[Supplied entries]
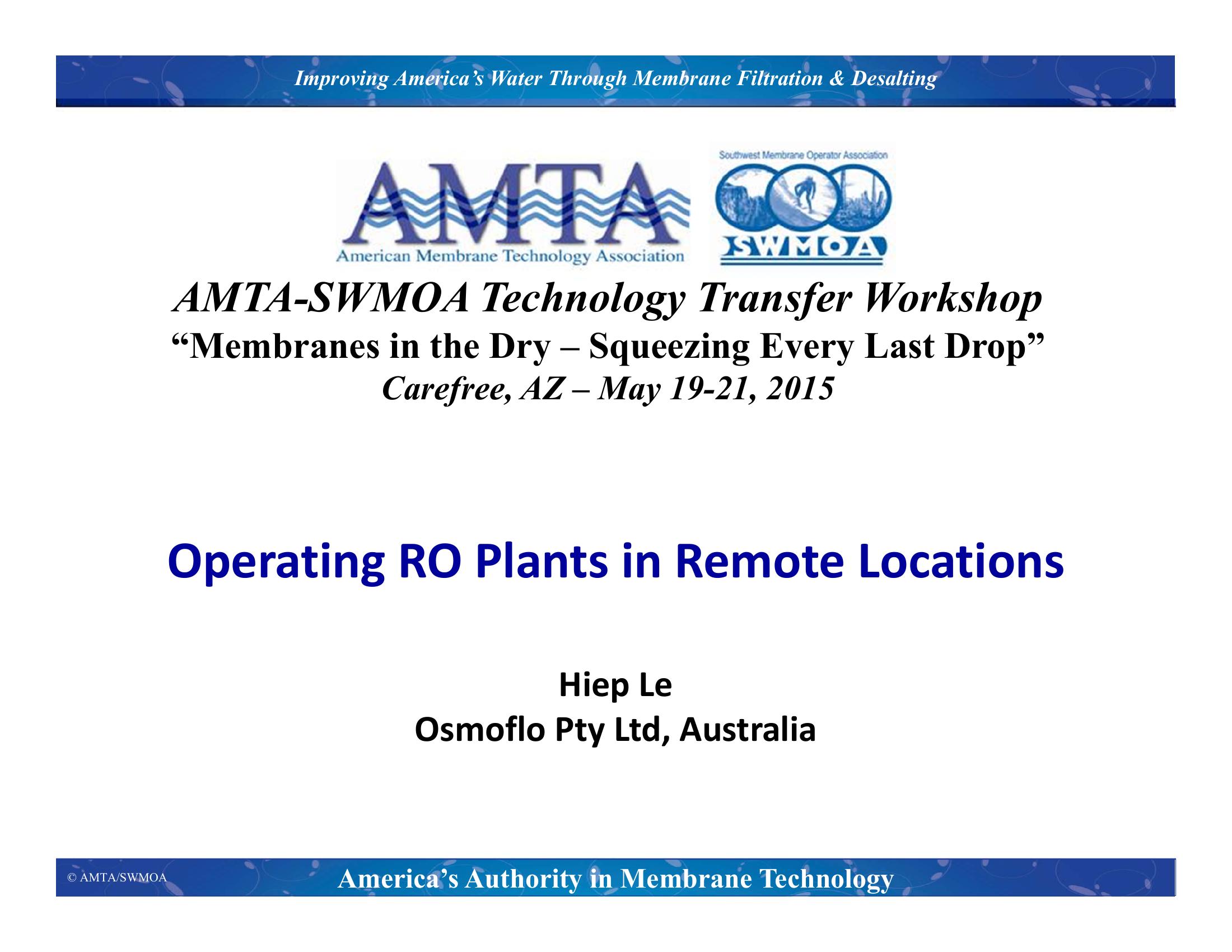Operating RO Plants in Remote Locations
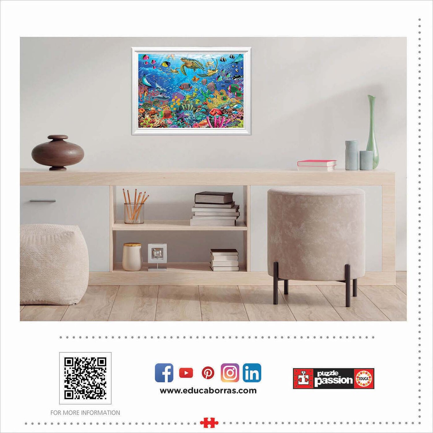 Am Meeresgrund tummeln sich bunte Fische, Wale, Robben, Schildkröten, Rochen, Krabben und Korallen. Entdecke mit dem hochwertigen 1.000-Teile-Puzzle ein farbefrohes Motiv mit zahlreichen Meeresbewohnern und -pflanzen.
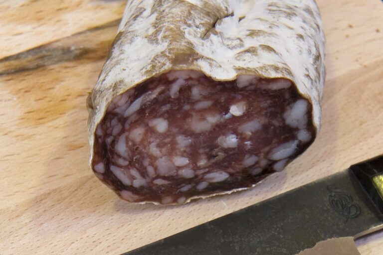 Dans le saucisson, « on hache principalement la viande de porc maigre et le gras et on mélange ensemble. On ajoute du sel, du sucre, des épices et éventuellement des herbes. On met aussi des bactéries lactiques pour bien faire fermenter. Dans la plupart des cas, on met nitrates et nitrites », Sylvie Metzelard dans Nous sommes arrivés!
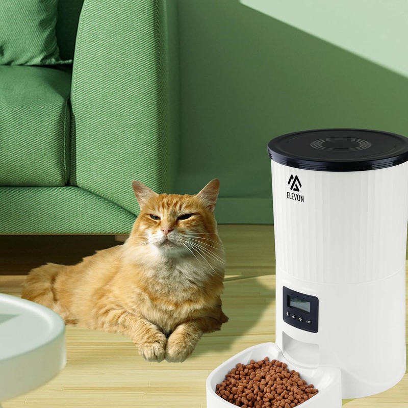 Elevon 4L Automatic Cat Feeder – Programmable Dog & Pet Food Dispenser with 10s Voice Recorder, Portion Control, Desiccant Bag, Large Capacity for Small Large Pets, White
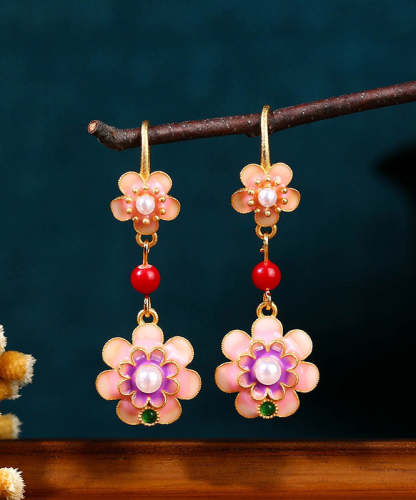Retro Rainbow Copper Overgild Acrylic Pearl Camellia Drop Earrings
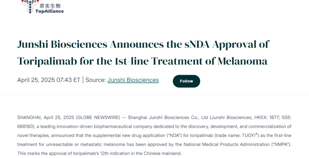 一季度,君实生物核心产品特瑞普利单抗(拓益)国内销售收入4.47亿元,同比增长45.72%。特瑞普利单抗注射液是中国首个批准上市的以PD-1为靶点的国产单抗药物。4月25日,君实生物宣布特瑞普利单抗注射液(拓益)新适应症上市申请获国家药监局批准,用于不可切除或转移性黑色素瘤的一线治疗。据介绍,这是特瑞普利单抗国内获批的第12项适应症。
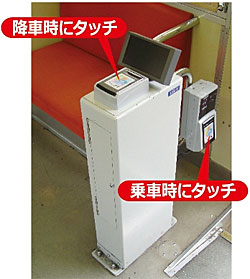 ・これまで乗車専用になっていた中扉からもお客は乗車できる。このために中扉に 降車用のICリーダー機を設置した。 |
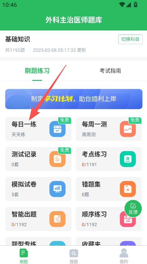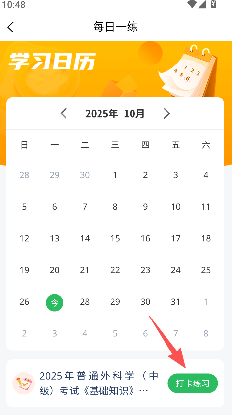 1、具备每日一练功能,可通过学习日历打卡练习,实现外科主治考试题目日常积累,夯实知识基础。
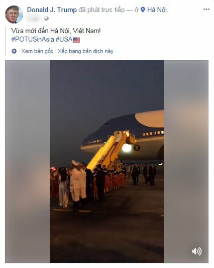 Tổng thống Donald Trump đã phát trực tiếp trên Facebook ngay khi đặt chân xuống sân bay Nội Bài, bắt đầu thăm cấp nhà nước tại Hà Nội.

* * *

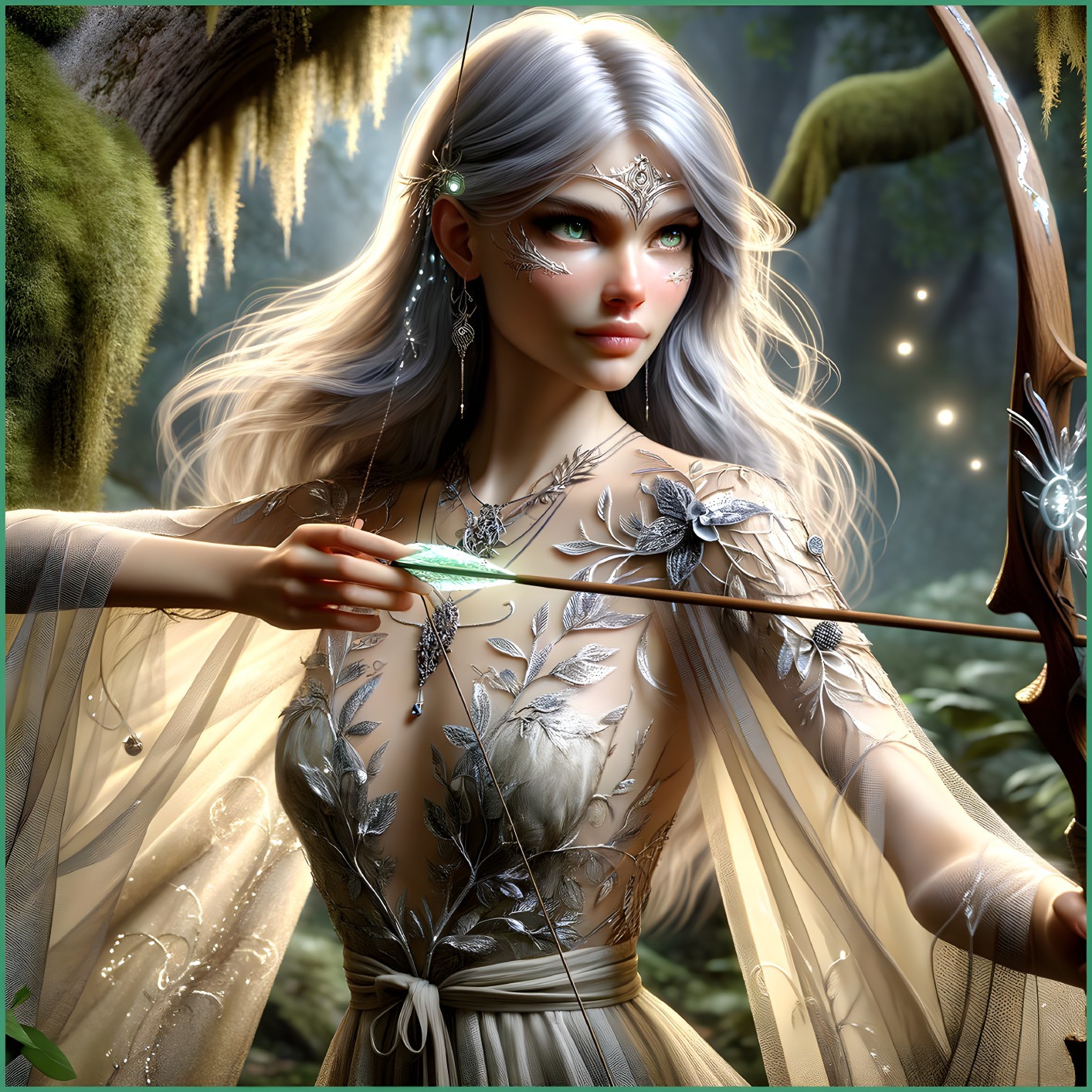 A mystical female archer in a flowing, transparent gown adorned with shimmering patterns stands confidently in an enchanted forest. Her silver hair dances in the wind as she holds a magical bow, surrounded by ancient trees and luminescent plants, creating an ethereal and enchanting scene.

...

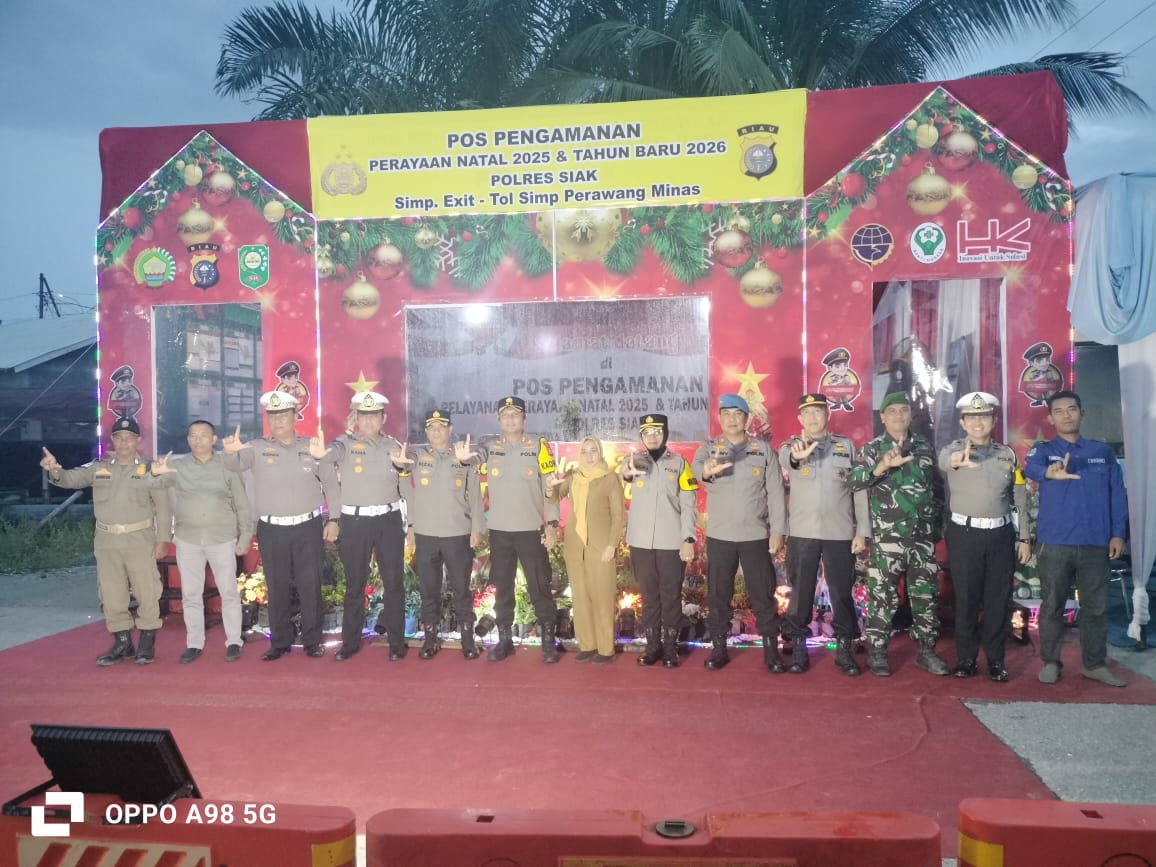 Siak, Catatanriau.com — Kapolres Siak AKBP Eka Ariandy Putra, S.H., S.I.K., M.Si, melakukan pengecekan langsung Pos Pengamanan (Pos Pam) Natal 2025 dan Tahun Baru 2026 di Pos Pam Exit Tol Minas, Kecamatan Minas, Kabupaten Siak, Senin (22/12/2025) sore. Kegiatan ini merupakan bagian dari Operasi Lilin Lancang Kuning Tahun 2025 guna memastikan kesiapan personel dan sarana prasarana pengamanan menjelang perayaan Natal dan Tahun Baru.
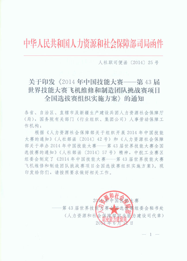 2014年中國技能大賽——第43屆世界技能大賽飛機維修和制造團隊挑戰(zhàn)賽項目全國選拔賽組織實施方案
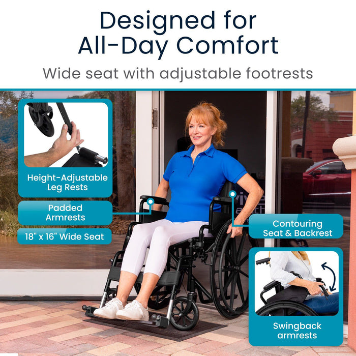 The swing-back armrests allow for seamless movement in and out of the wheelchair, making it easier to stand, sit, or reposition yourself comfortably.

[Work item] Repeat the lines above exactly, beginning with the one containing "1、具备每日一练功能,可通过" and finishing with the one containing "Tổng thống Donald". No pictures belong in the copy.

[Completed exercise]
 1、具备每日一练功能,可通过学习日历打卡练习,实现外科主治考试题目日常积累,夯实知识基础。
 Tổng thống Donald Trump đã phát trực tiếp trên Facebook ngay khi đặt chân xuống sân bay Nội Bài, bắt đầu thăm cấp nhà nước tại Hà Nội.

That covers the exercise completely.